In the winter and spring of 1948, the Soviet Union and the Western allies gave up any remaining pretense of continuing their wartime collaboration. When a Council of Foreign Ministers meeting broke down in London on December 15, 1947, in disagreement over the future of Germany, Ernest Bevin proposed to George Marshall “the formation of some form of union, formal or informal in character, in Western Europe backed by the United States and the Dominions.” Bevin started the process in January by pursuing an alliance with the Benelux countries — Belgium, the Netherlands and Luxembourg — and France.

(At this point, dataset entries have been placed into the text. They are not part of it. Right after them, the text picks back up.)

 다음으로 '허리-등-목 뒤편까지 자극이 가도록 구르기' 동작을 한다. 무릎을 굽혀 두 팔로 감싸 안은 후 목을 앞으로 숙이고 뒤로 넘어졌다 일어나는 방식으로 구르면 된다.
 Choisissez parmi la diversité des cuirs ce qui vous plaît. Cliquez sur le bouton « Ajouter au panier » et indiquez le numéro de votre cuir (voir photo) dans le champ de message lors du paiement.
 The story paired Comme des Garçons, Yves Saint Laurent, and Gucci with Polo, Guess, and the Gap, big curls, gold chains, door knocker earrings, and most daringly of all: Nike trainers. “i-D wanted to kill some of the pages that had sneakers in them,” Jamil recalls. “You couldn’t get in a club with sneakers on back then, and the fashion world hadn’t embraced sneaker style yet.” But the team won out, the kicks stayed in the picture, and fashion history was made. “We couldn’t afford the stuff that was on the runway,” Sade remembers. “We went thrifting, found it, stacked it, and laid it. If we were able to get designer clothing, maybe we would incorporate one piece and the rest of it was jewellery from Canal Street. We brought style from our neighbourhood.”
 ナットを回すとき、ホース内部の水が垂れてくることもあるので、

The Soviets, on their side, confident that war was not an immediate threat (“America may pull on our leg,” Georgi Malenkov told a group of Italian Communists, “but war is out of the question now”), moved to consolidate their control over Eastern Europe. The Marshall Plan was already a success, Marshall had reported to the US Cabinet in November — “the advance of Communism has been stemmed and the Russians have been compelled to make a reevaluation of their position.” Stalin resented the plan bitterly. Czechoslovakia in particular had attempted to take advantage of Marshall Plan aid. At a meeting with the Czech Prime Minister, who complained that his country needed foreign exchange, Stalin laughed in his face: “We know you have enough.” Still laughing, he turned to Molotov: “They thought they could lay their hands on some dollars, and they didn't want to miss the chance.” On February 25,1948, Soviet forces occupied Prague. Bedell Smith cabled Marshall from Moscow on March 1: “Full information on and explanation to… Congress of significance [of] recent Soviet moves in Czechoslovakia and Finland may result in speeding consideration and adoption [of] universal military training and building programs for Army, Navy, and particularly Air Force.”

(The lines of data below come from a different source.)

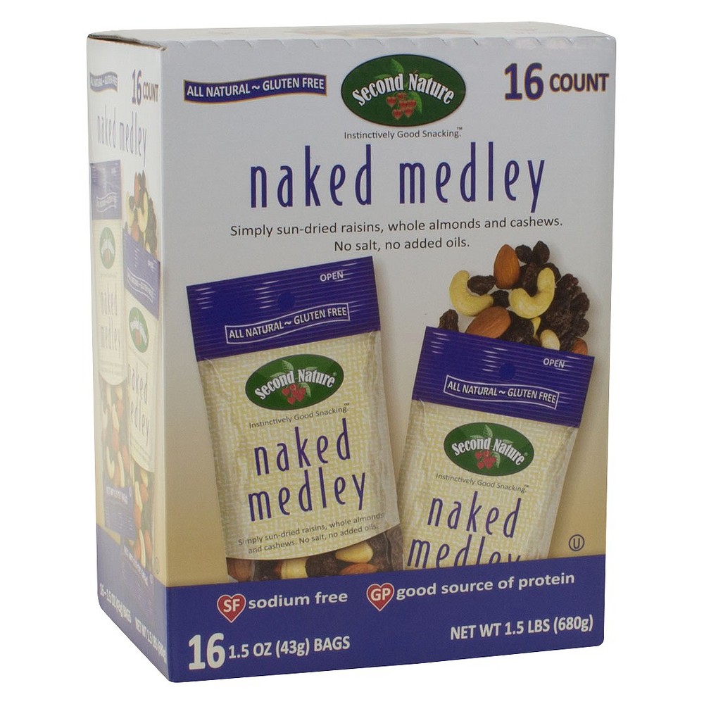 Second Nature Naked Medley: These single serving 1.5 ounce packets are filled with three ingredients: raisins, almonds, and cashews. No added sugar or salt. Buy a box with 16 single serve packets for $17.88 ($1.12 each) on Amazon (www.amazon.com).
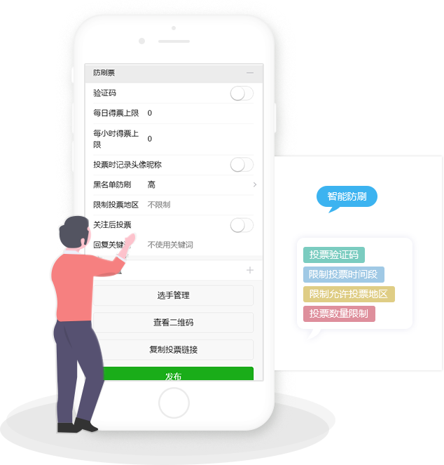 即見(jiàn)即所得,實(shí)時(shí)手機預覽,一分鐘即可創(chuàng )建投票活動(dòng),無(wú)需任何專(zhuān)業(yè)知識。
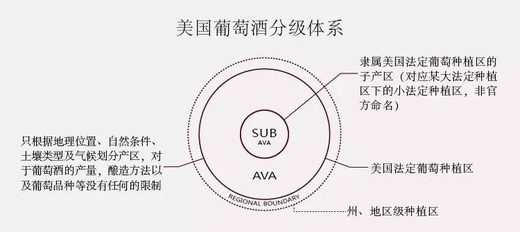 美国实质实质上没有像法国等欧洲葡萄酒产国那样严谨的分级统,目前可供参考的也就是在1983年颁布的葡萄酒产地管制条例(American Viticulture Area,简称AVA)
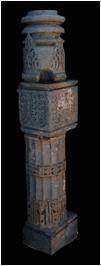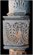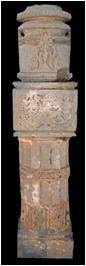 | Description / विवरण | This pilaster has four setions from bottom above. The square base measuring 15 cm in height is plain.The cylindrical section above measuring 72 cm in height, decorated with eleven flutings, is held by a octogonal decorated band depicting diamond shaped flowers and a series of floral reliefs at the base. The next square section measuring 26 cm in height is decorated with foliage encircled by two rows of beaded garland emanating from the mouth of a kirtimukha.The circular inverted bell shaped section at the top measures 33cm in height with two mouldings and decorated with foliage. |
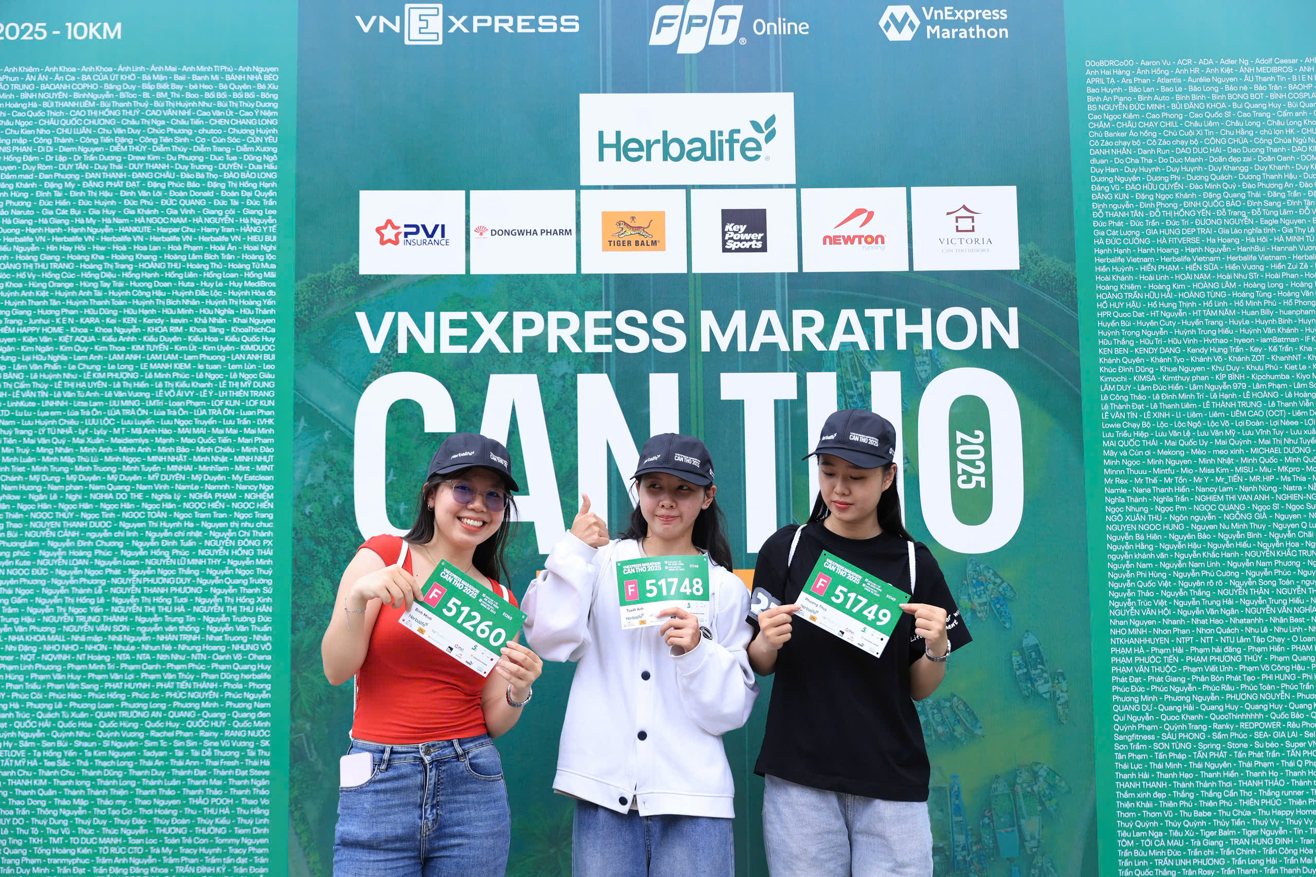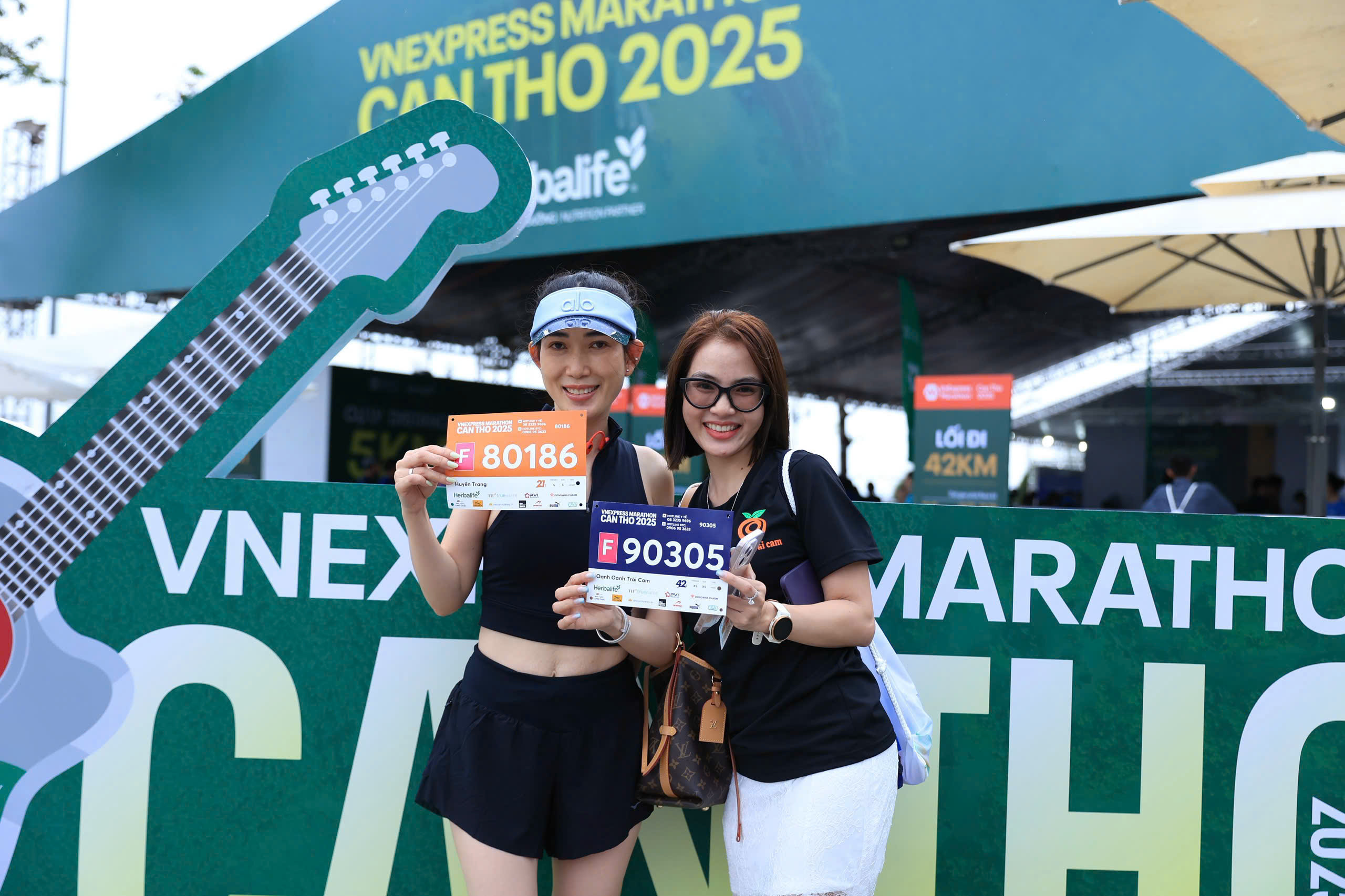 Vu Ngoc Oanh, Bib 90305, ran the 42km race. The Can Tho resident said competing in her hometown was an advantage and hoped to finish while creating lasting memories. Her friend, Huyen Trang, ran the 21km distance. (Linh Lam)
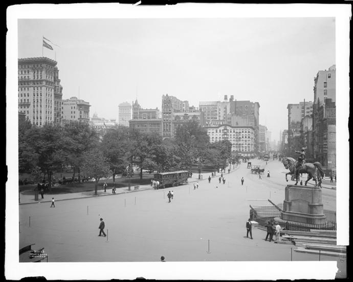 [Bird's eye view of Union Square, looking north on 4th Avenue.]
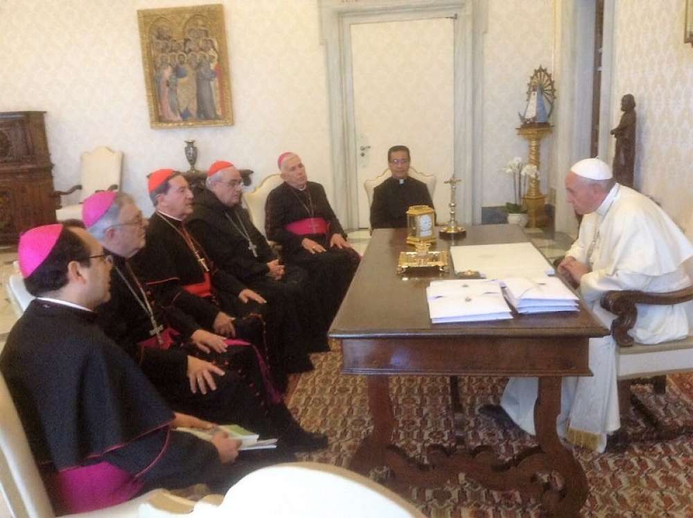 Según se había previsto, los obispos latinoamericanos fueron recibidos por Bergoglio –hijo natural del CELAM– al mediodía en su biblioteca privada.
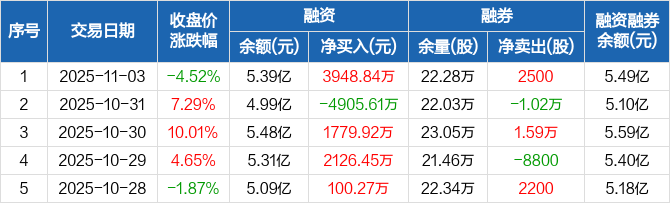 永兴材料:融资净买入3948.84万元,融资余额5.39亿元(11-03)

Forrestal wanted a renewal of the draft and increased funding for the armed services. The US aviation industry was in nearly fatal trouble that winter as well, approaching bankruptcy unless defense contracts could be authorized immediately and funding accelerated. Marshall needed approval of $5.3 billion in Marshall Plan aid. The country required a good war scare to rally a recalcitrant Republican Congress. The Soviet takeover of Czechoslovakia helped, but not enough; in March, Marshall, Forrestal, the State Department's Robert Lovett and others colluded to add fuel to the fire. At a luncheon on March 4 that included Cabinet officials and senators, Forrestal records in his diary, “Marshall talked over the war situation… Everyone present agreed that the public needed information and guidance on the deterioration of our relations with Russia.”

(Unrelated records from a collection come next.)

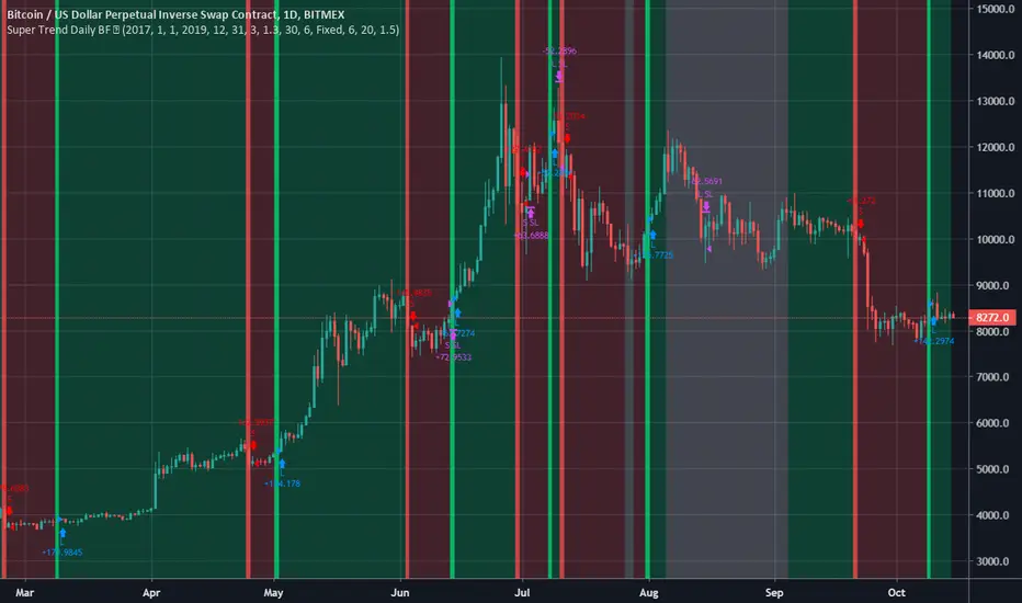 This strategy was optimised for XBT/USD on Bitmex 1 day chart, ideal settings for other pairs will differ.
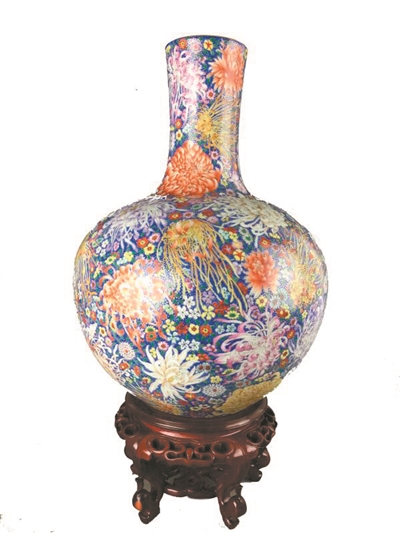 廣彩瓷瓶《灑金蘭地百菊圖》高52厘米,寬35厘米,在亮藍底色上,上百朵形態(tài)婀娜、色彩多姿的菊花爭奇斗艷。整件作品色彩鮮明,極富輝煌,具有典型的“萬縷金絲織白玉”廣彩風格。
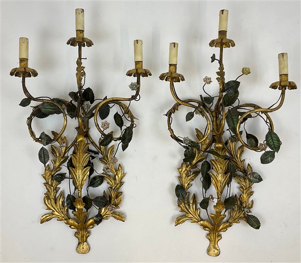Lotto 1372 | Coppia di applique in metallo dorato e dipinto a tre fiamme decorate a foglie e

Besides speeches, the war scare group called on General Lucius Clay, the intense, imperious military governor of the American zone of occupied Germany. Clay had predicted in November 1947 that the Soviets might decide to move against Berlin. The former capital of Nazi Germany, divided into four zones like the German nation, was embedded behind the Iron Curtain a hundred miles deep into the Soviet zone, beyond the range of more than token US military protection. The day after the war situation luncheon, Clay sent an Eyes-Only cable to Washington that Forrestal parlayed into a major event:

For many months, based on logical analysis, I have felt and held that war was unlikely for at least ten years. Within the last few weeks, I have felt a subtle change in Soviet attitude which I cannot define but which now gives me a feeling that it may come with dramatic suddenness. I cannot support this change in my own thinking with any data or outward evidence in relationships other than to describe it as a feeling of a new tenseness in every Soviet individual with whom we have official relations. I am unable to submit any official report in the absence of supporting data but my feeling is real. You may advise the chief of staff of this for whatever it may be worth if you feel it advisable.